Es ist einfach frustrierend mit einem 1,6 GHz Pentium M zu schaffen bei dem man nach jedem Programmstart erstmal Essen gehen kann.

kernel: gentoo-dev-sources-2.6.9-r4

wm: kde-3.2.3Last edited by redflash on Mon Jan 10, 2005 9:21 pm; edited 1 time in total

----------

## amne

Was genau ist denn langsam? Nur das Starten von Programmen unter Kde? Dann könnte es nämlich auch an was ganz anderem liegen: Schau mal hier, vielleicht ist das ja das gleiche Problem.

Wenn nicht: DMA-Modus der Platte ist an?

----------

## zworK

Wenn es nicht vielleicht nicht ganz das Problem trifft,

ich habe das Knoppix cloop file auf einer seperaten ext2 Partition um es direkt von Platte starten zu können (Rettungssystem).

Nach meinen Beobachtungen startet KDE von Knoppix bei mir ebenfalls etwas schneller als bei meinem Gentoo. Auch z.B. das Starten des Konquerors geht bei Knoppix subjektiv schneller von statten.  Ein Klick und er ist sofort da, quasi ein Wimpernschlag. Bei meiner Gentoo KDE hingegen schätze ich den Unterschied von wenigen ms auf max 1 Sekunde differenz.
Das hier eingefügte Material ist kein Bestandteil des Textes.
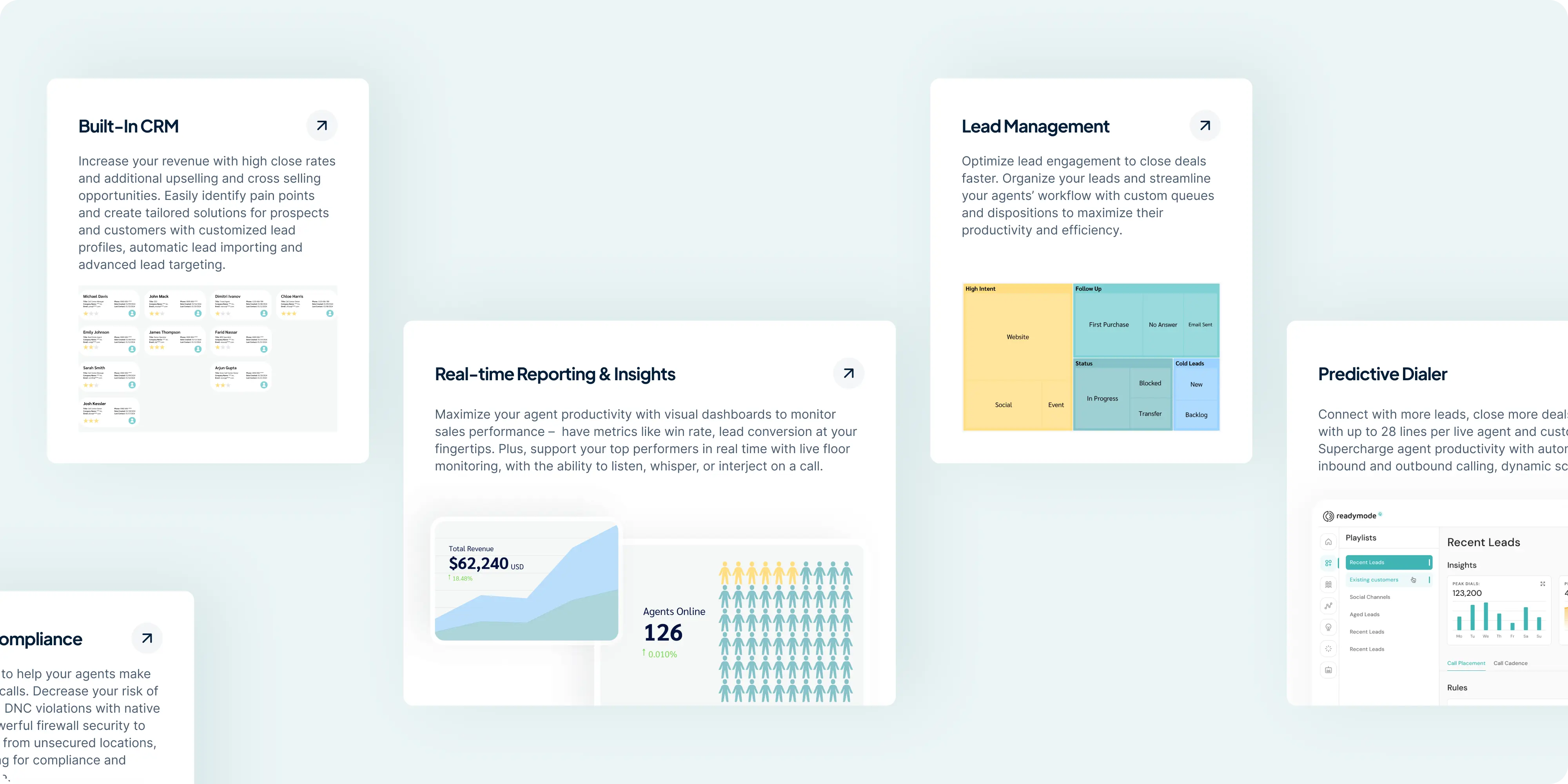 Predictive dialers can feel interchangeable, and buyers juggle acronyms, regulations, and workflow edge cases. ReadyMode needed to differentiate quickly, map features to tangible outcomes (connect rate, agent productivity, compliance confidence), and give multiple audiences, operators, sales leaders, IT/compliance, a clear routes to the next step. At the same time, marketing required a maintainable system to launch new subpages without breaking consistency or speed.

Normalerweise arbeite ich mit Fluxbox, da mir aber komischerweise immer beim Arbeiten mit Openoffice der X-Server wegfriert   :Evil or Very Mad:   wechsel ich dann auf KDE.

Das ganze läuft ebenfalls auf einem Pentium-M 1.5 GHz.  Mein System ist auch (fast) so gut wie möglich optimiert.

Mit der Performance von meinem Gentoo bin ich eigentlich sehr zufrieden, ebenso mit der von KDE. Jedoch erklären kann ich mir den Performanceunterschied nicht.

----------

## redflash

dma ist aktiviert.

Auch steht in /etc/hosts der Rechnername.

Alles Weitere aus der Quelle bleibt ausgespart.